= Data for analysis =
- - -
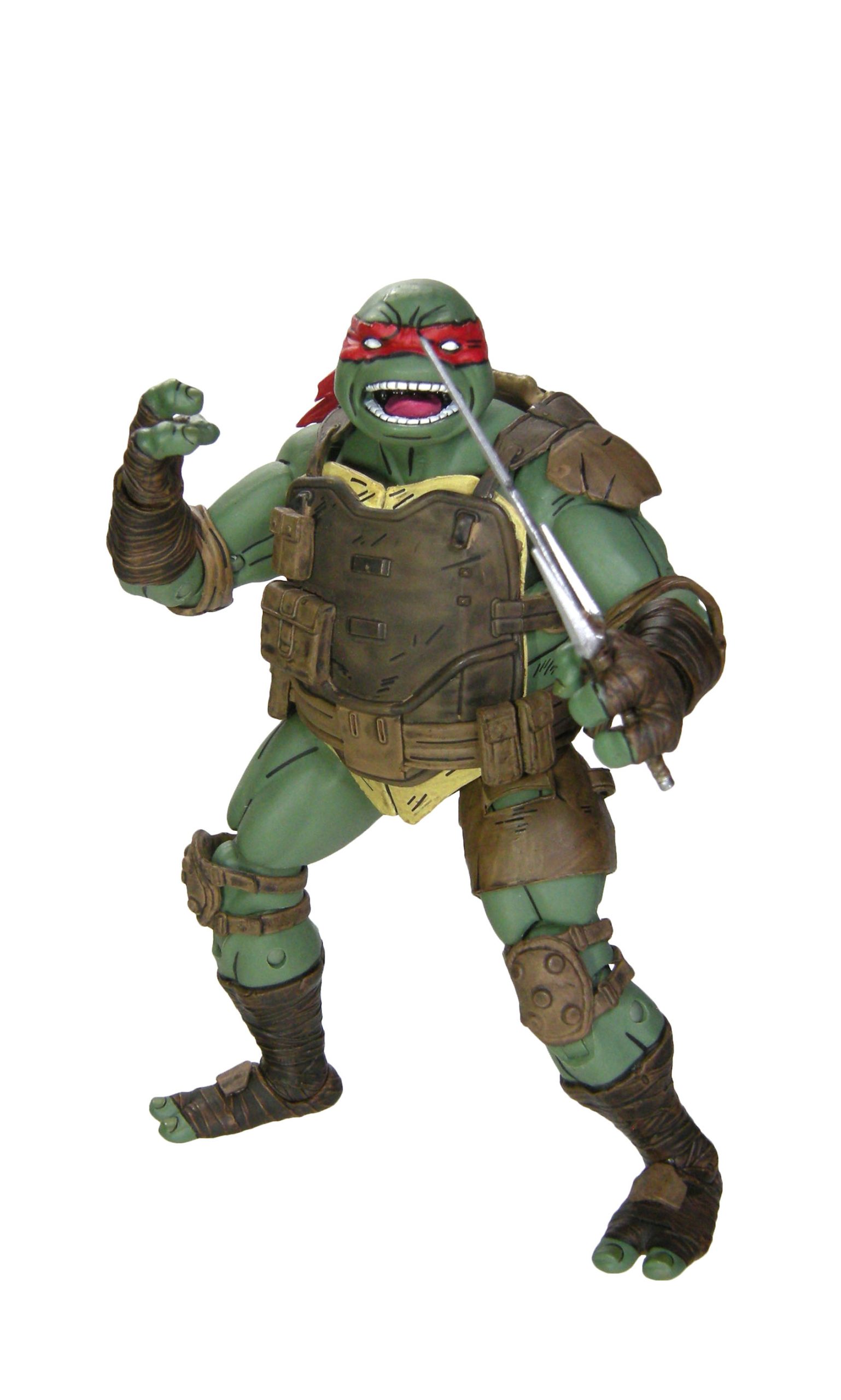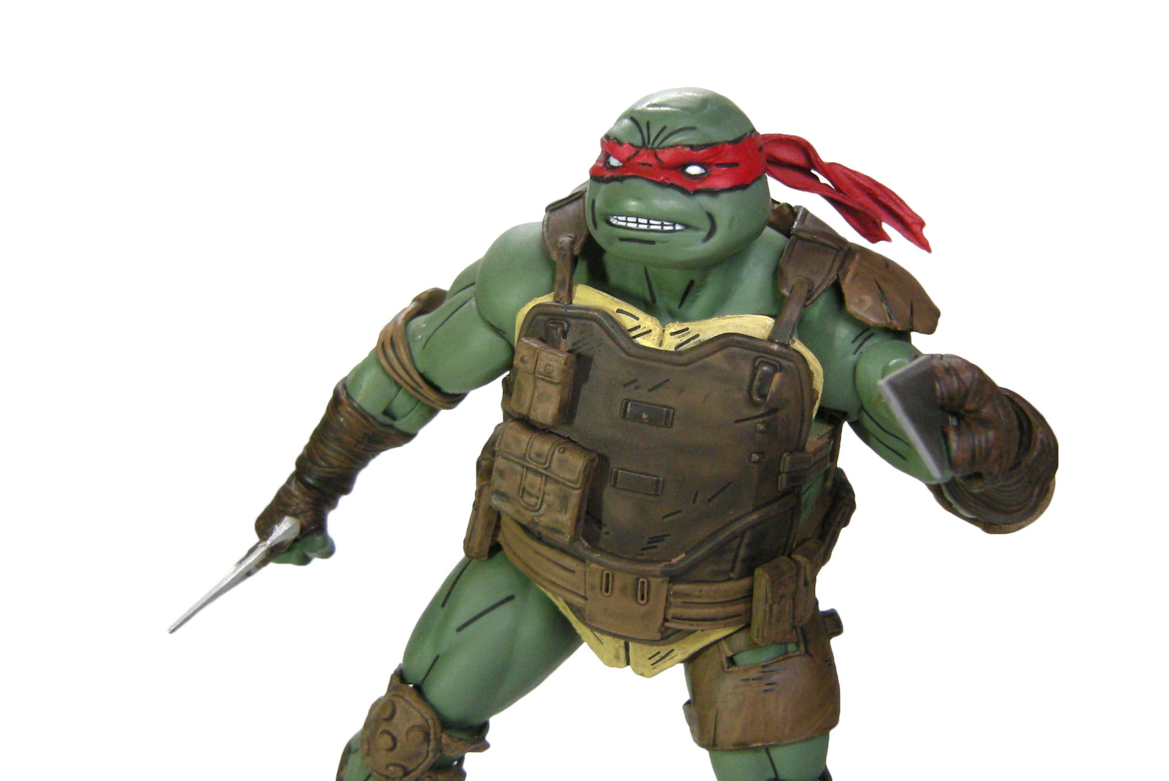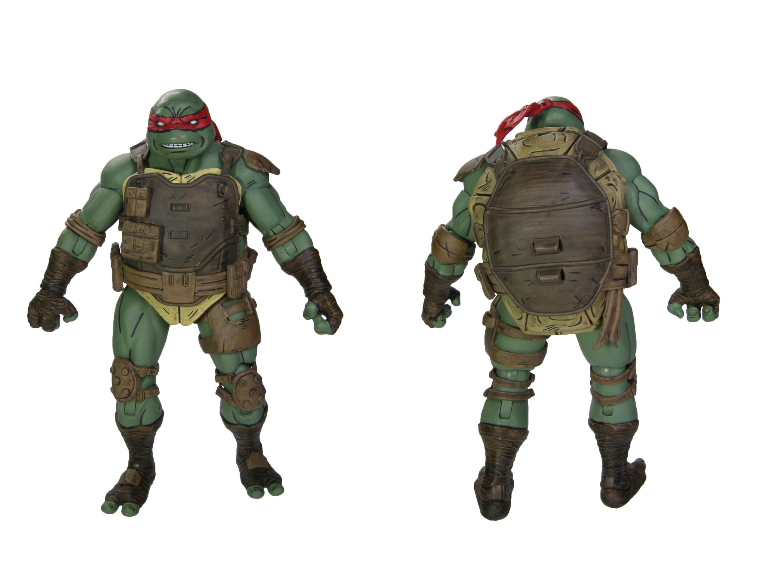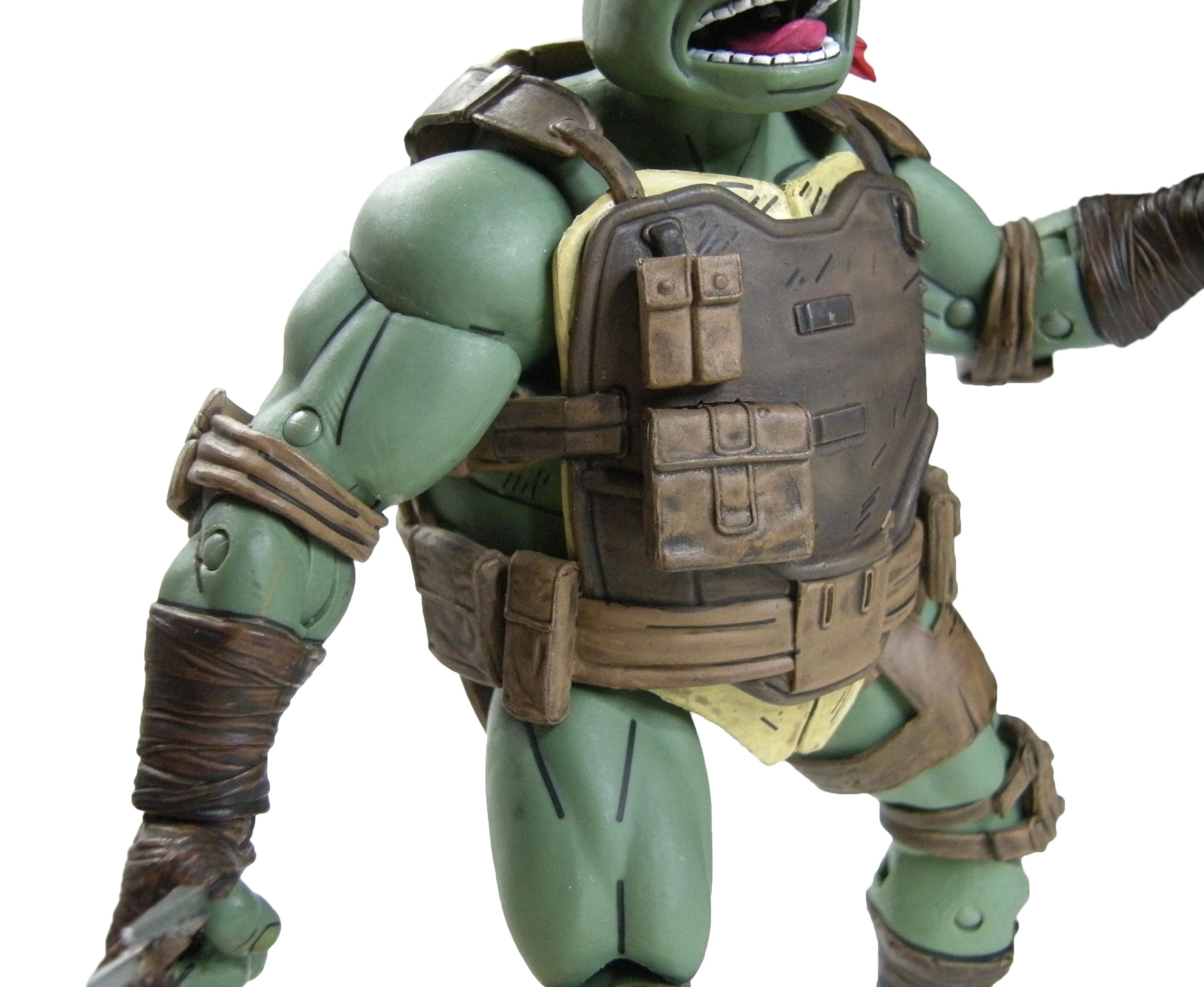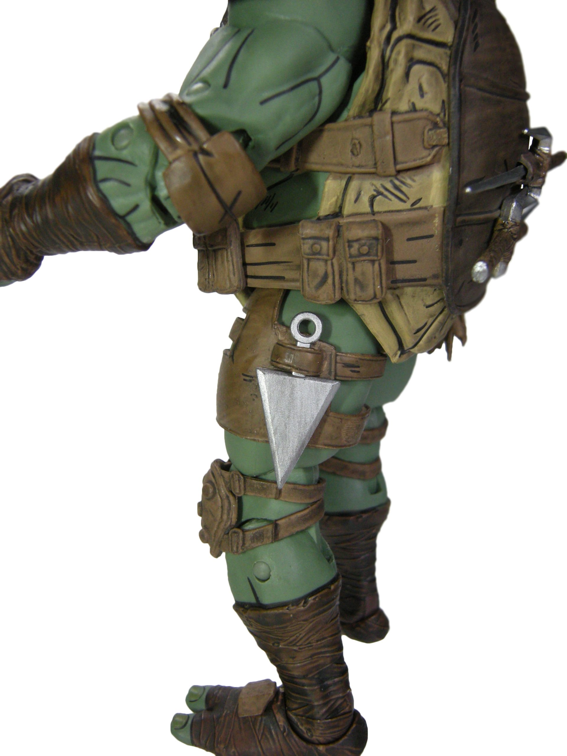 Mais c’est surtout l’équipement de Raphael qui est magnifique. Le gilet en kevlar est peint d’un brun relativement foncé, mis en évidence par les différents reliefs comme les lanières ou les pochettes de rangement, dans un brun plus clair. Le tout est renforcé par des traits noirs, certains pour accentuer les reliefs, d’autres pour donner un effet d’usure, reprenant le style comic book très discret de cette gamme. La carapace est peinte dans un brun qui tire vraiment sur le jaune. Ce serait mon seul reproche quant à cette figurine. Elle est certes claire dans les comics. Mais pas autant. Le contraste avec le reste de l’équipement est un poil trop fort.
- - -
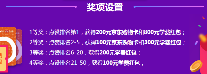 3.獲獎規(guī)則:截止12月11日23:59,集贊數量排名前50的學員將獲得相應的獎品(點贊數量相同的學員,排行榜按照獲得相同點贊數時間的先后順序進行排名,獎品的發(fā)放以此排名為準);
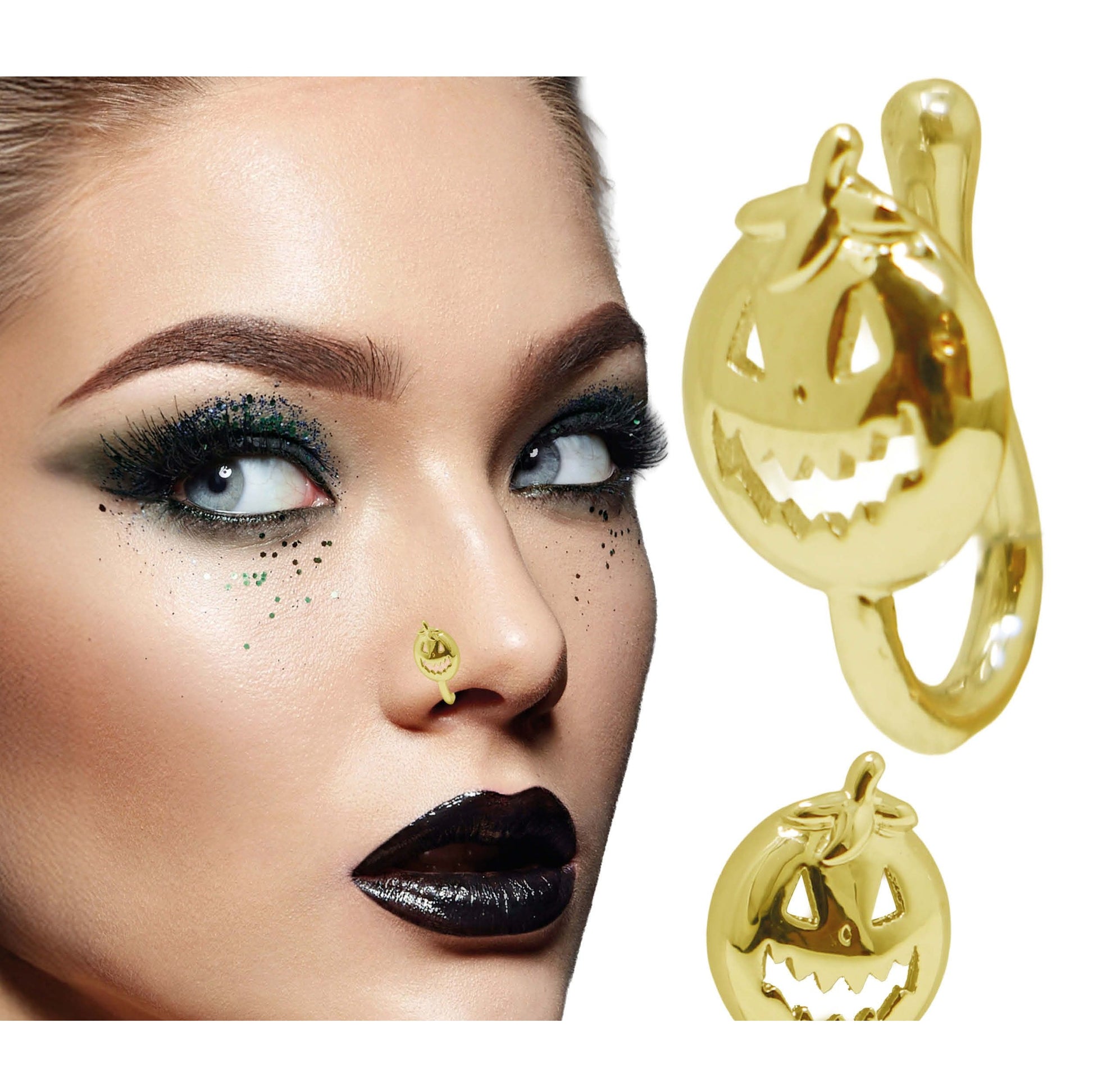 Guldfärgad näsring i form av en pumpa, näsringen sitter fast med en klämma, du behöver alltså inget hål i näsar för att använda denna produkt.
- - -
= What needs to be done =
Above are the records; copy exactly the lines from the one with "3.獲獎規(guī)則:截止" through the one with "Guldfärgad näsring i", including both, and nothing more. Leave out pictures.

= Expected answer =
 3.獲獎規(guī)則:截止12月11日23:59,集贊數量排名前50的學員將獲得相應的獎品(點贊數量相同的學員,排行榜按照獲得相同點贊數時間的先后順序進行排名,獎品的發(fā)放以此排名為準);
 Guldfärgad näsring i form av en pumpa, näsringen sitter fast med en klämma, du behöver alltså inget hål i näsar för att använda denna produkt.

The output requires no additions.